The Chilean government did eventually recognize the Mapuche as distinct people through the formation of the Indigenous Settlement Commission in 1813 which was created to help move the Mapuche reservations. Additionally, The Decree of March 4, 1819 by President Bernardo O'Higgins recognized the ability of Mapuche peoples to enter into legal contracts, the law of July 10, 1823 recognized Mapuche rights to property, and the Treaty of Tapihue in 1825 officially recognized the Mapuche as a state within Chile. While these laws were being passed by the Chilean government, the Chilean population continued to slowly encroach and acquire Mapuche land, often through deceptive and unfair means. In 1866 the Chilean government passed the Indigenous Reservations Law which led to mass rebellion by the Mapuche people in 1870 and 1880.

After the Frenchman, Orélie-Antoine de Tounens, tried to create the Kingdom of Araucanía and Patagonia in the region, the Chilean government started the "Pacification of Araucania" movement between 1862 and 1883. The movement was essentially an occupation of Araucania by the Chilean Army in the late 19th century. After 1881 the land was divided into plots and distributed mostly among private owners (including foreign and Chilean settlers as well as members of the army). The Mapuche (around 100,000 persons according to the 1907 Census) were confined to almost 3,000 atomized reservations named titulos de merced. The actions by the Chilean government were essentially an effort by the government to incorporate the territories which were previously authonomous de facto. In 1962, the Chilean government passed the Law of Agrarian Reform which made all lands taken from the Mapuche before 1946 dedicated for public use. Encroachment efforts appeared to subside when Salvadore Allende was elected president as his government was responsible for restoring significant amounts of Mapuche land. In particular, Law 17.729 helped to restore almost 850,000 acres of Mapuche land and gave the Mapuche people stronger land ownership rights. Many Mapuche were actively involved in the Chilean land reform. More than 150,000 hectares of land were transferred to the communities.

=== Chilean dictatorship (1973–1990) ===
Most of the land that was regained by the Mapuche under the Allende Presidency was later taken back during the counter-agrarian reform process implemented during the military dictatorship (1973–1990). Specifically, in 1973 the successful military coup of General Augusto Pinochet established a military dictatorship that effectively reversed many of the policies of the Allende government. Specifically, the Pinochet government did not recognize the Mapuche as a distinct group within Chile, but an integral part of it. Instead, the government only recognized its people as Chilean citizens. Additionally, all of the land regained by the Mapuche during the Allende government was returned to previous owners or opened up to development. Unlike the previous Allende Government, Pinochet focused on giving individual land property and not collective. The dictatorship transferred land to thousands of indigenous families. Between 1978 and 1990, 69.984 individual land titles were given. At that time the Mapuche leaders did not consider their new "private property" an offense to their ancestors. In February 1989, General Augusto Pinochet had a meeting with the groups belonging to the Mapuche "Regional Councils" who gave him the title of "Ulmen Futa Lonco", which means "Great Authority" in Mapuche language.

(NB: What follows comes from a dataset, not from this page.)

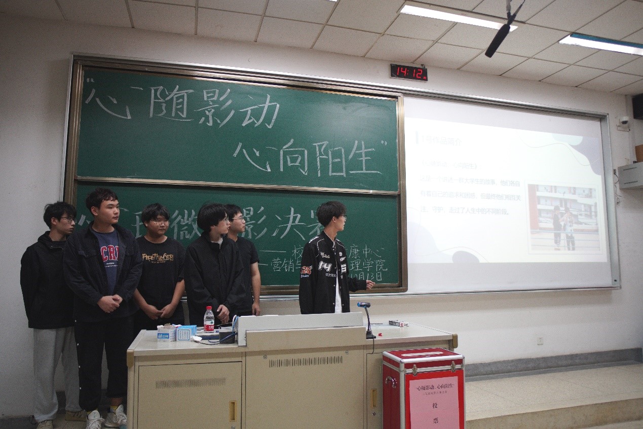 决赛现场,主持人介绍本次活动面向全校征集优秀微电影作品,经过层层筛选,最终有6支团队脱颖而出进入决赛,作品以反映大学生日常生活、学习、人际交往等方面所折射的心理现象为主题,内容丰富、情节深刻。评委老师对每部作品都做出讲解与点评,间接帮助同学们解决生活中遇到的心理问题,引导同学们在大学迷茫生活中做出选择。最终,通过专业评委、大众评委现场逐一观影后进行无记名打分投票,最后评选出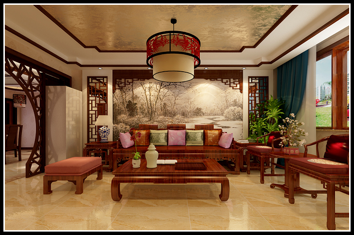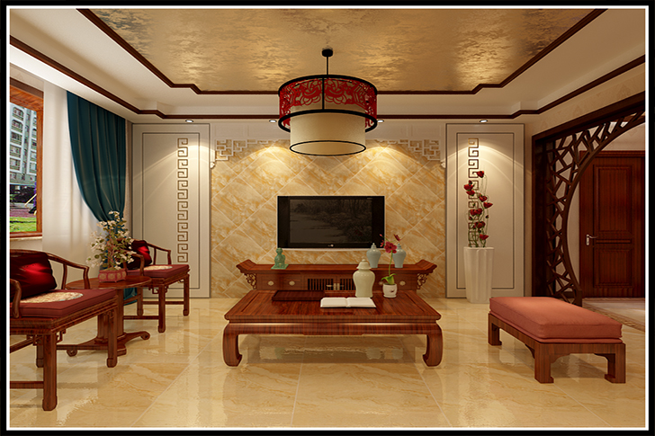 客厅电视墙运用了石材来点缀,使整个空间大气又不失古典韵味。中式实木雕刻成各式题材造型富有立体感。配饰擅用字画、古玩、卷轴、盆景,精致的工艺品加以点缀,把中式与现代完美融合。

The diploma that was given said: "The General Board of Loncos and Chiefs of Nueva Imperial and the 30 communes of the IX Region of Araucanía, agreed to name H.E., the President of the Republic Captain General Augusto Pinochet Ugarte, Ulmen Futa Lonco".

From the 1980s onward, large swathes of southern Chile became integrated into the country's export economy, forming what has been described as an enclave economy. The central component of this is the forestry sector, with several plantations in plots that were originally part of the land reform and others in plots claimed by communities. In 1988 a referendum was held in which the "No" option won, and in 1989 Patricio Aylwin was elected President of Chile, assuming office in 1990.

=== Chilean transition to democracy (1990–1996) ===

The Wenufoye flag was created in 1992 by Aucán Huilcamán from the Indigenist political organisation, Council of All Lands.

The Mapuche conflict continued in the 1990s following the return of democracy. The conflict started in areas inhabited mostly by Mapuches like the vicinities of Purén, where the indigenous communities have been demanded that their ancestral lands, which were now the property of logging corporations, farming companies, and individuals, be turned over to them. At this time, forestry companies owned three times more ancestral Mapuche land than the actual Mapuche people.

In 1993, the Chilean government passed the Indigenous Peoples Act which recognized Mapuche participation, land, cultural, and development rights. Additionally, the law created the National Indigenous Development Corporation (CONADI), an indigenous governing body founded to help support the development of indigenous peoples in Chile. While the law gave substantial promise of reconciliation and justice to the Mapuche people, in reality, the act continues to be extremely underwhelming and disappointing to most Mapuche people in contemporary society.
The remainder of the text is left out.